Bivalent lässt sich zunächst mit „bi“ für „zwei“ und valent für „wertig“ übersetzen, woraus die plausible Bezeichnung „zweiwertig“ entsteht. Wie in der Einleitung erwähnt, greifen derartige LPG-Fahrzeuge auf eine Autogasanlage sowie einen Benzinantrieb zurück. Bivalente LPG-Fahrzeuge zeichnen sich in erster Linie durch eine erhöhte Gesamtreichweite aus. Verbaut wird diese Technik insbesondere bei Wagen der Kompaktklasse, hier kann bei Bedarf mittels Knopfdruck auf den Benzinantrieb gewechselt werden. Gewährleistet wird damit eine hohe Reichweite auch im außereuropäischen Ausland, wo der Ausbau von Gastankstellen oft nur schleppend verläuft und auf klassische Mittel zurückgegriffen werden muss.

 

Geringe Emissionen und bessere Steuervorschriften bei monovalenten LPG-Fahrzeugen

Monovalente LPG-Fahrzeuge sind Fahrzeuge, die ausschließlich oder zum größten Teil auf Autogas als Antriebsform zurückgreifen. Diese Form des Antriebs kommt seltener vor, da auch durch eine Aufrüstung ein Benzintank bestehen bleibt und es sich somit um ein bivalentes LPG-Fahrzeug handelt. So lassen sich auch Oldtimer mit dieser Technik ausstatten.
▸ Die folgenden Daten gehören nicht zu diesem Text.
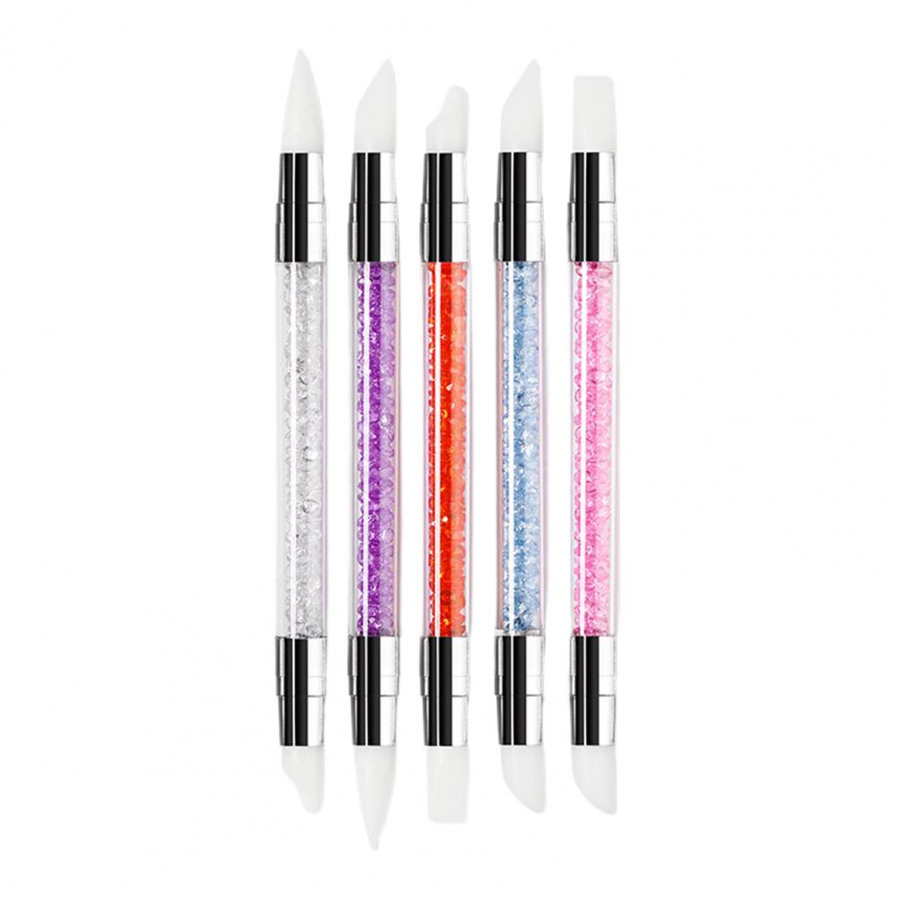 5 шт./компл. ручка для ногтей удобная Многофункциональная Мягкая силиконовая двойная ручка для маникюра с тиснением для салона

Bei eBay finden Sie ausgereifte Modelle von Volkswagen oder Renault. Formal handelt es sich um ein monovalentes LPG-Fahrzeug, wenn die Füllmenge des Benzintanks auf maximal 14 Liter begrenzt ist. Diese Fahrzeuge zeichnen sich durch sehr gute Emissionswerte aus, wenngleich es Unterschiede bei Fahrzeugen mit Verdampferanlagen gibt. Hier wird eine Betriebstemperatur im Bereich von 25 bis 35 Grad Celsius ermöglicht. Deshalb bleiben monovalente LPG-Fahrzeuge als Pkw in der Minderheit. Besonders Nutzfahrzeuge und Busse greifen jedoch auf diese Technik zurück.

 

Fazit und abschließende Bewertung der beiden Antriebsarten

Mittlerweile werden beide Antriebsarten serienmäßig angeboten, der Kunde hat dann die „Qual der Wahl“. Wird ein Fahrzeug als klassischer Ersatz zum herkömmlichen Modell gesucht, das für regelmäßige Autobahnfahrten oder Reisen genutzt wird, kommt ein bivalentes Fahrzeug in Frage. Dies ergibt sich in erster Linie durch die erhöhte Reichweite, aber auch aufgrund der schlichten Notwendigkeit, die durch einen schleppenden Ausbau im Ausland entsteht.

Monovalente Fahrzeuge mit LPG-Autogas zeichnen sich durch eine höhere Verdichtung aus, daraus resultiert ein ebenso besserer Wirkungsgrad. Gegenüber bivalenten Fahrzeugen sinkt auf diese Weise der Verbrauch. All jenen Autofahrern, die das Fahrzeug vornehmlich als Stadtmobil nutzen und auch auf steuerliche Anreize abzielen, kann diese Antriebsart empfohlen werden.